FOR RELEASE: May 4, 2010
Contact: Richard T. Kaplar
The Media Institute
703-243-5700
Arlington, Va., May 4, 2010 – If the Federal Communications Commission succeeds in reclassifying broadband providers as common carriers under Title II of the Communications Act, it could reduce the level of First Amendment protection for those providers. And the FCC’s current ability to do that “is quite limited, if not nonexistent.”
That warning was sounded today by noted First Amendment attorney Robert Corn-Revere in a Perspectives issue paper published by The Media Institute.

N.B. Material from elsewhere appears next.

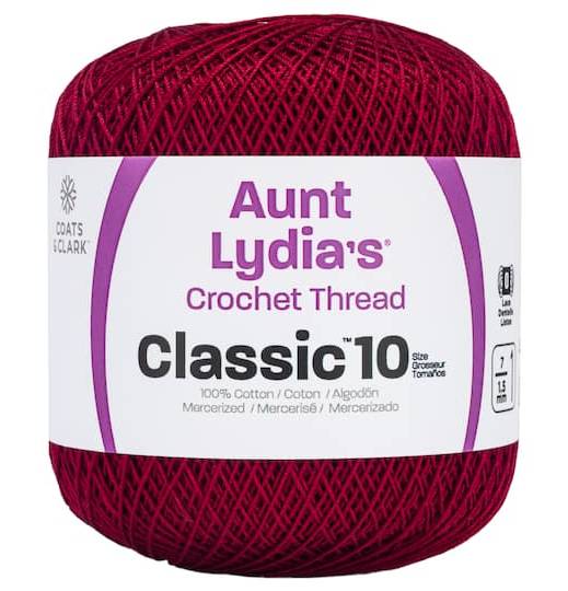 Aunt Lydia's Classic Cotton Crochet Thread, Size 10, Burgundy

For the past five years, FCC Internet policy has treated broadband service as an information service, free from common-carrier obligations. In fact, Corn-Revere notes, the Commission persuaded the Supreme Court in a 2005 case that “information service” was the proper way to classify broadband.
But since the U.S. Court of Appeals for the D.C. Circuit ruled on April 6 that the FCC lacked the authority to regulate broadband networks, proponents of “net neutrality” have tried to skirt that ruling by pushing to reclassify broadband service as common carriage – which does fall under the FCC’s regulatory authority.
That strategy could backfire in the courts, however, based on recent judicial trends. Corn-Revere notes that in Citizens United v. FEC, Justice Kennedy’s majority opinion states: “We must decline to draw, and then redraw, constitutional lines based on the particular media or technology used.”
Corn-Revere concludes: “The majority’s core First Amendment findings point to a continuing recognition of full First Amendment rights for new communications technologies. This trend necessarily would limit any attempt to expand FCC jurisdiction over new media simply by manipulating regulatory classifications.”
Robert Corn-Revere is a partner in the law firm of Davis Wright Tremaine in Washington, D.C., and has successfully defended the First Amendment before the U.S. Supreme Court. His paper, “Defining Away the First Amendment,” is available online from The Media Institute at www.mediainstitute.org, and will be available in hard copy in the near future.